- Born: 1941 (age 83–84) Breslau, Germany
- Occupation(s): Actress, singer, director, university lecturer
- Children: Julia Stemberger Katharina Stemberger
- Relatives: Fanny Altenburger (granddaughter)

= Christa Schwertsik =

Austrian singer and actress

Christa Schwertsik (born 1941) is an Austrian singer, actress, director and university lecturer.

== Life and career ==
Schwertsik attended grammar school in Vienna and then studied psychology at the University of Vienna. She received her vocal training from Hedda and Edwin Szamosi and Ruthilde Boesch. She also took acting lessons from Dorothea Neff and Eva Zilcher in Vienna.

As a singer, actress and reciter, she has had numerous appearances and concerts at home and abroad - especially with songs and chansons of the 20th century - at the Berliner Festspiele, Vienna Festival, Bregenzer Festspiele, Wien Modern, Aspekte Salzburg and Almeida Festival London among others, as well as at the Musica Nova Festival Brisbane. Since 1986 she has presented numerous musical and theatrical solo programs. From 1984, Schwertsik taught for many years at the University of Music and Performing Arts Vienna.
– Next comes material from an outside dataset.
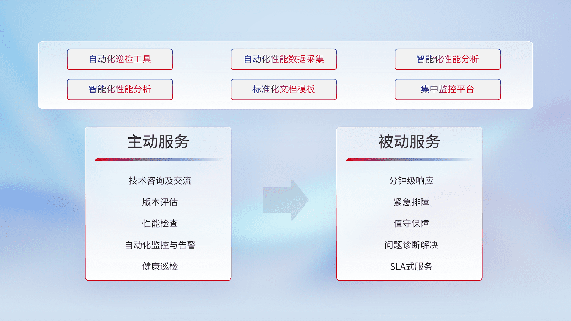 智能化工具和标准化文档,,,,保障服务质量,,提供主动服务(包含技术咨询、、、版本评估、、、、性能检查、、、、自动化监控与告警、、、健康巡检)和被动服务包含(分钟级响应、、紧急排障、、值守保障、、问题诊断解决、、、SLA服务)。。。。

Another focus of her work was family productions, where she took part in theater productions with her daughters Julia and Katharina Stemberger and her husband Kurt Schwertsik. "Liebe in dunklen Zeiten" from Yehoshua Sobol or "Mütter" from Franz Wittenbrink. In addition, she took part in numerous readings, radio and television productions, as well as record and CD recordings and carried out her own directing work.

== Personal life ==
Schwertsik's first marriage was to tropical medicine specialist Heinrich Stemberger. They had three daughters, Julia, Katharina and Ina Stemberger. She married composer Kurt Schwertsik in 1972, with whom she lives and works in Vienna.